Captain Kepler, who had been assigned squadron leader for this mission, gave us a brief talk outside the church, telling us what altitude he wanted to fly at to rendezvous, and setting our courses and speeds. He told us again that he didn’t want any noise until we were over the target, and then he looked at his watch, said, “Okay, guys,” and walked off to get a second cup of coffee in the mess hall. Ace and I went to the latrine because this would be our last opportunity to do so (we rarely used the pilot’s relief tube) until sometime this afternoon. Then he went for his good luck cup of coffee, and I went back to the tent to dress.
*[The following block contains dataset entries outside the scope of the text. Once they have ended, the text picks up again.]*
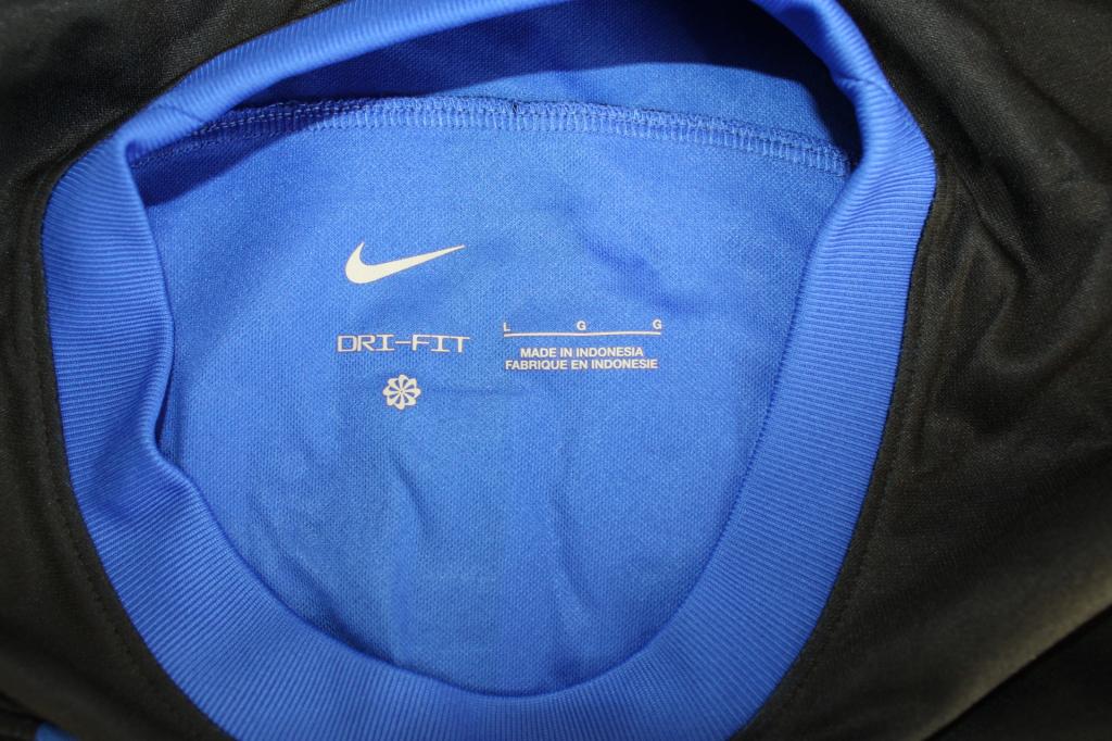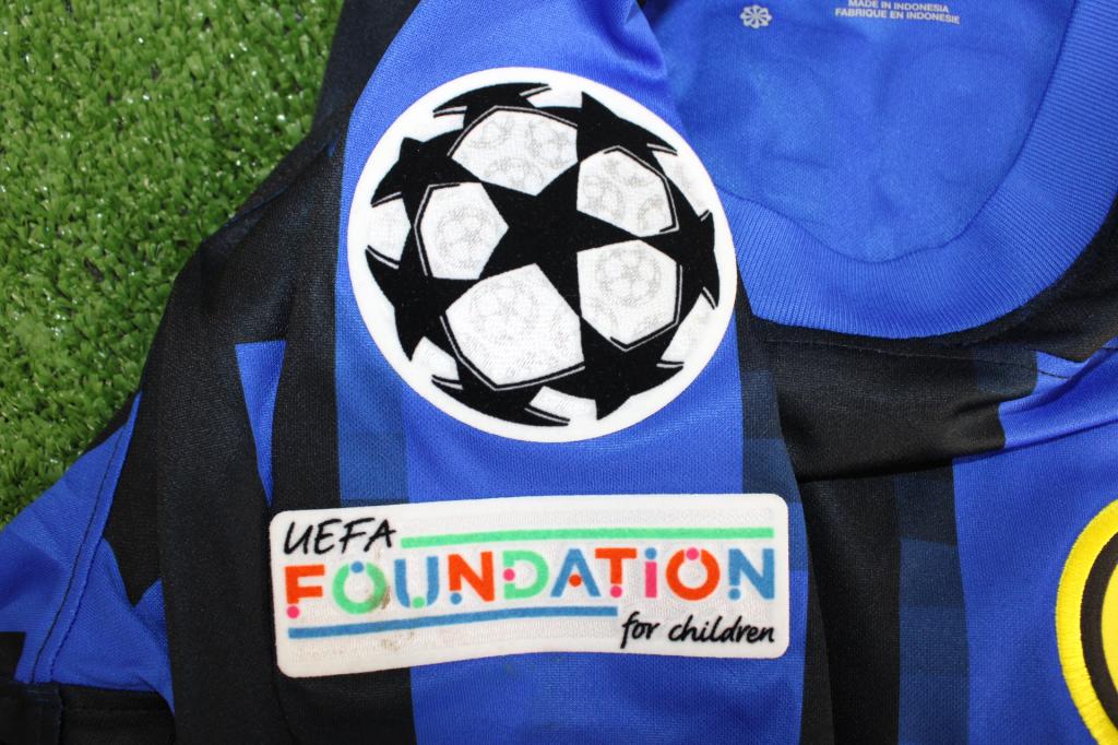 Presenta stemma societario gommato, swoosh giallo, sponsor Paramount+ e coccarda Coppa Italia. Patch UCL e UEFA Foundation applicate sulle maniche. Sul retro nome e numero di Nicolò Barella, con firma autografa.
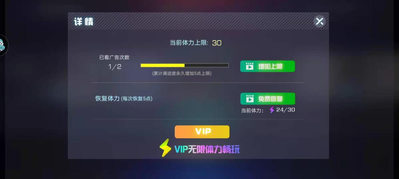 第二个方法是看视频,也就是通过看广告来给我们游戏重新增加体力值,这个从我们闪电图标后面的加号里进入,看一次广告能够加五个体力值,也就是等于一首歌一次广告。这个还是算很实用了,就是耗耐心,但是广告除了单纯加体力,还能用看广告来进行增加体力上限,这个和前面第一个方法一起用,实用值算能够大大提升了。
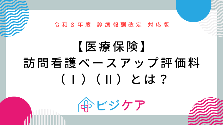 制度基礎コース2026.03.26訪問看護ベースアップ評価料(Ⅰ)(Ⅱ)とは?【医療保険】 ポスト シェア 送る セミナー詳細はこちら 2025年度セミナー一覧 訪問看護ベースアップ評価料ってなんですか? 訪問看護ベースアップ評価料は令和8年度診療報酬改定において見直されたものです。 この記事では医療保険の訪問看護ベースアップ評価料についてわかりやすく解説していきますね。 コンテンツの残りを閲覧するにはログインが必要です。 お願い Log In. あなたは会員ですか ? 会員について ビジケア公式LINEに登録すると、訪問看護に関する最新情報(診療報酬や介護報酬改定を中心とした内容)が月に2回無料で配信されます。 最新セミナー情報やお得なご案内も配信していますので、よろしければ登録をお願いします。
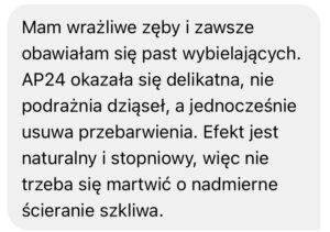 Mit, że każda wybielająca pasta niszczy szkliwo, nie znajduje tu zastosowania – AP24 nie zawiera agresywnych wybielaczy chemicznych, dzięki czemu może być używana przez osoby o wrażliwych zębach. Jednocześnie warto pamiętać, że efekty wybielania są naturalne i stopniowe – produkt nie zastąpi profesjonalnych zabiegów stomatologicznych, ale stanowi bezpieczną alternatywę dla osób poszukujących codziennej pielęgnacji z efektem rozjaśnienia.
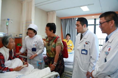 当天,院方一共为60岁以上的住院病人送去了近400份重阳糕。定居荷兰40多年的辛女士看到了这一幕十分感动,“我要特别谢谢你们医院对我妈妈的照顾,我从国外回来,第一次在国内看到这么好的医院,这么好的服务,比我自己照顾都要好,真的谢谢你们。”
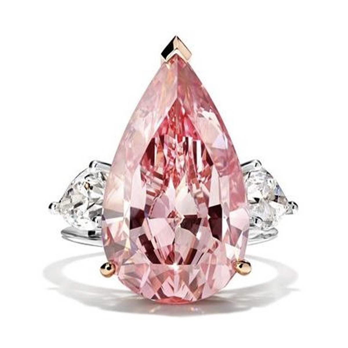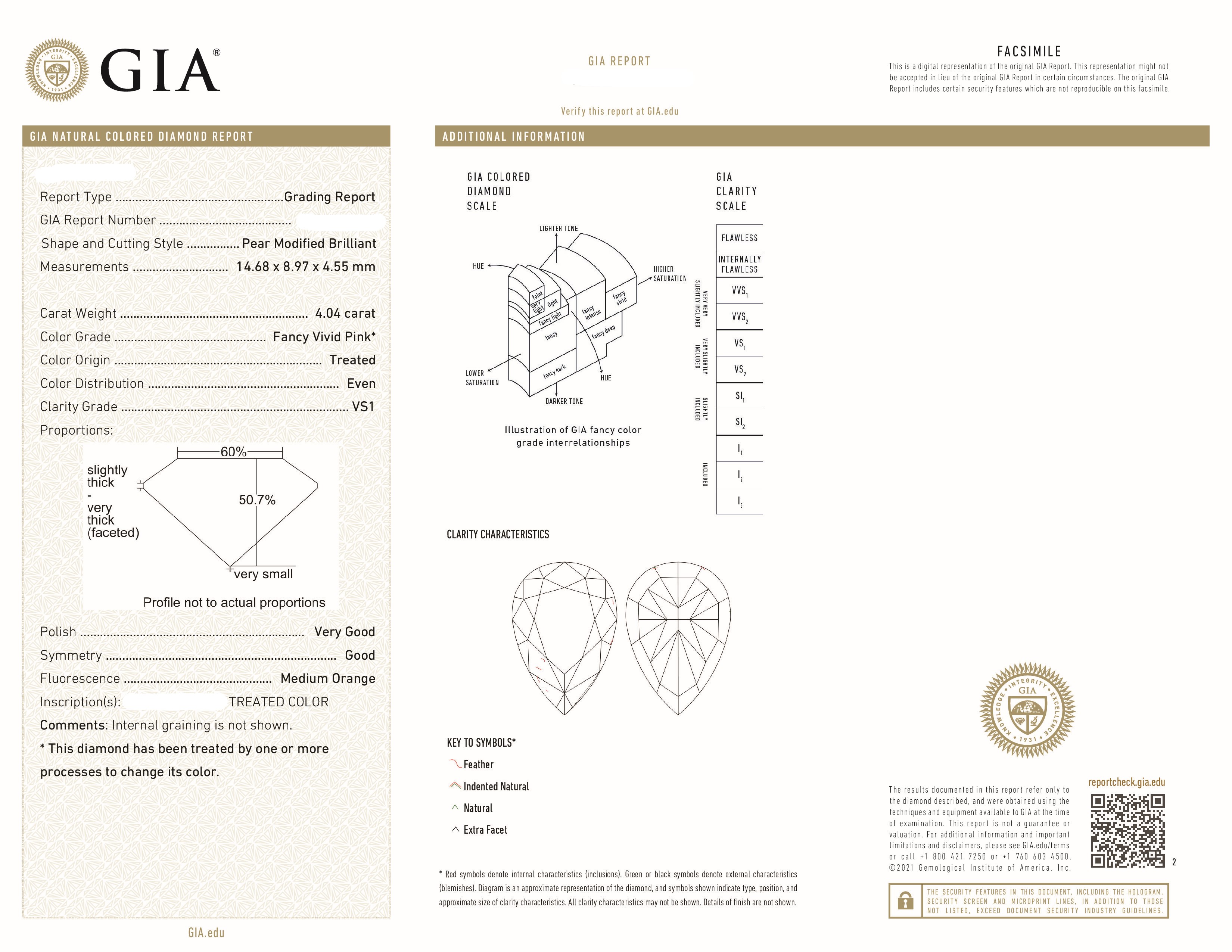 Этот шедевр ювелирного искусства поражает своей красотой и изысканностью. Центральный бриллиант весом 4,04 карата, имеющий сертификат от авторитетного Gemological Institute of America (GIA), является настоящим украшением кольца. Его уникальный оттенок Fancy Vivid Pink, достигнутый благодаря специальной обработке, придает изделию неповторимый шарм и роскошь.
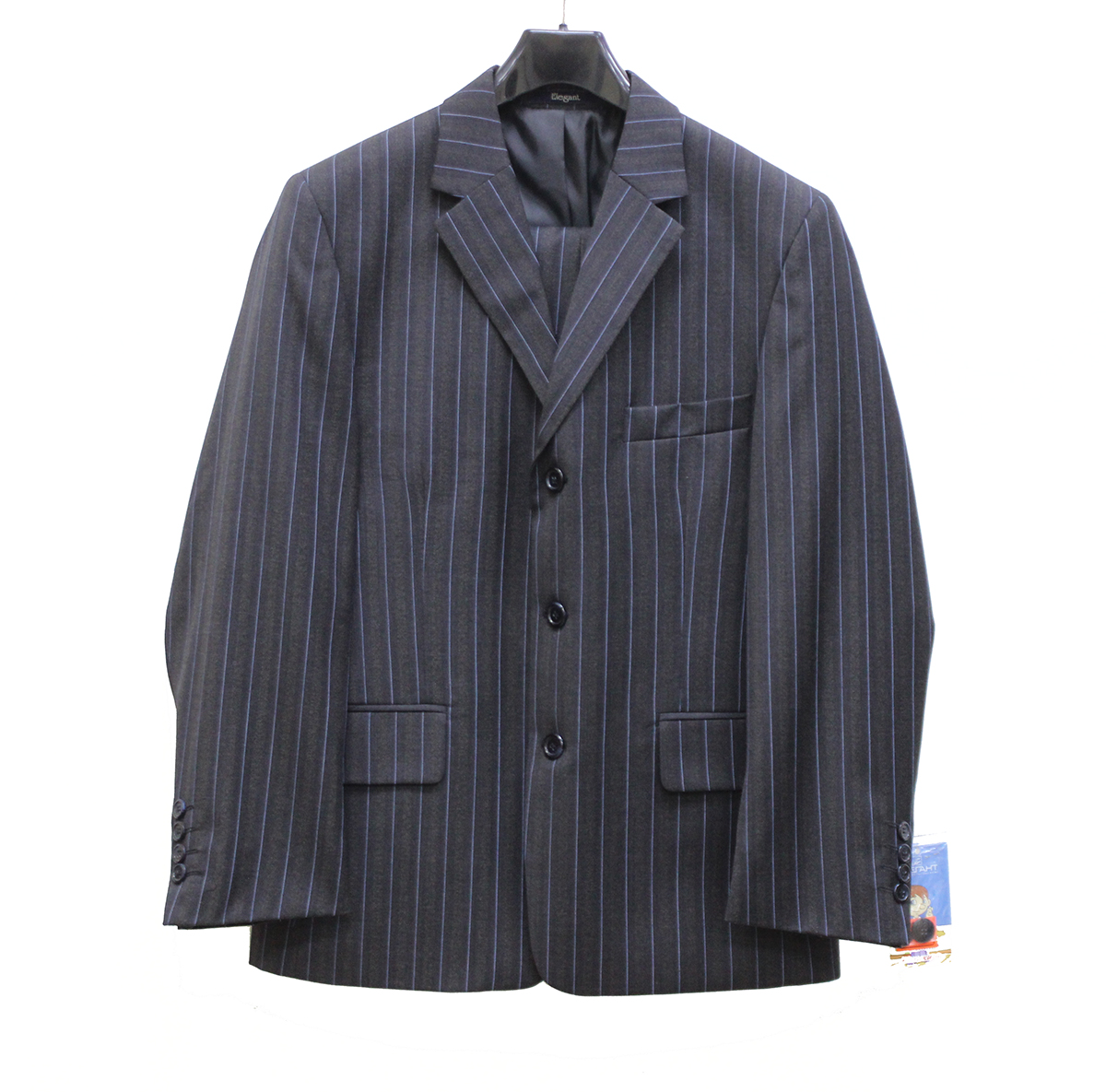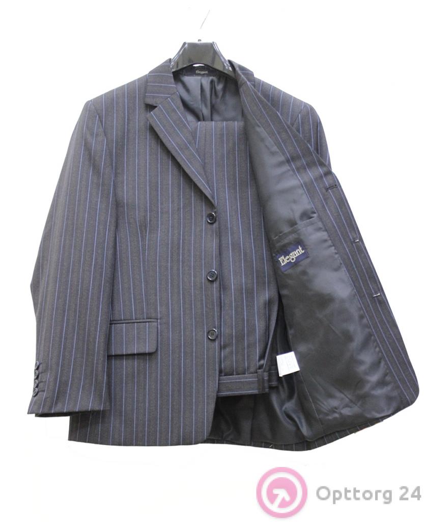 Описание: Костюм двойка подростковый для мальчика серого цвета в голубую полосочку.
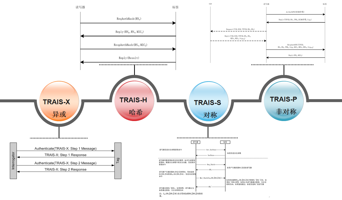 西電捷通TRAIS安全研究團(tuán)隊(duì)首席技術(shù)官表示:“TRAIS方案包括針對(duì)各種等級(jí)的鑒別與保護(hù)協(xié)議,以及訪問(wèn)控制協(xié)議等,提供實(shí)體鑒別、保密通信、訪問(wèn)控制等空中接口鑒別與保護(hù)服務(wù)。其中,在鑒別機(jī)制方面,TRAIS包括基于XOR運(yùn)算、基于哈希運(yùn)算和基于對(duì)稱算法以及ECC算法等四種等級(jí)的整體性鑒別解決方案,如下圖所示,能夠提供讀寫器鑒別、電子標(biāo)簽鑒別、讀寫器與電子標(biāo)簽雙向鑒別等三種鑒別模式的服務(wù);在訪問(wèn)控制方面,TRAIS給出了一種基于非對(duì)稱算法的、針對(duì)不具備計(jì)算能力的電子標(biāo)簽訪問(wèn)控制協(xié)議,無(wú)需電子標(biāo)簽進(jìn)行任何的運(yùn)算即可完整對(duì)自身數(shù)據(jù)的保護(hù);在保密通信方面,TRAIS給出一種保密通信機(jī)制,為讀寫器與電子標(biāo)簽之間的保密通信提供基礎(chǔ)。

The weather was still mild on the ground, but it would be something like eighty degrees below zero outside the airplane at 30,000 feet, and even though the P-38 was equipped with a heating tube, the temperature in the cockpit rarely rose to above fifty-five degrees. The Air Force also had a heated flying suit complete with an electric plug that fit into a cockpit jack, but the suit shrank when you washed it, and as a result only the smallest guys in the squadron flew in anything like heated comfort. So I always wore long johns, over which I pulled on a pair of khaki pants and shirt, and then coveralls, and then my leather fleece-lined jacket. I never wore the leather helmet because it got too uncomfortable on a long flight, preferring the poplin instead. I took very good care of my hands and my feet because those were the parts of the body that really began to ache after a while (those and the coccyx; you were sitting on the valve of a Mae West throughout the entire mission). I had bought a pair of fleece-lined boots from a British officer for twenty bucks, and those were what I wore on each raid, together with a pair of woolen, flannel-lined, sweater-cuffed GI gloves. Still, my hands and feet were always cold.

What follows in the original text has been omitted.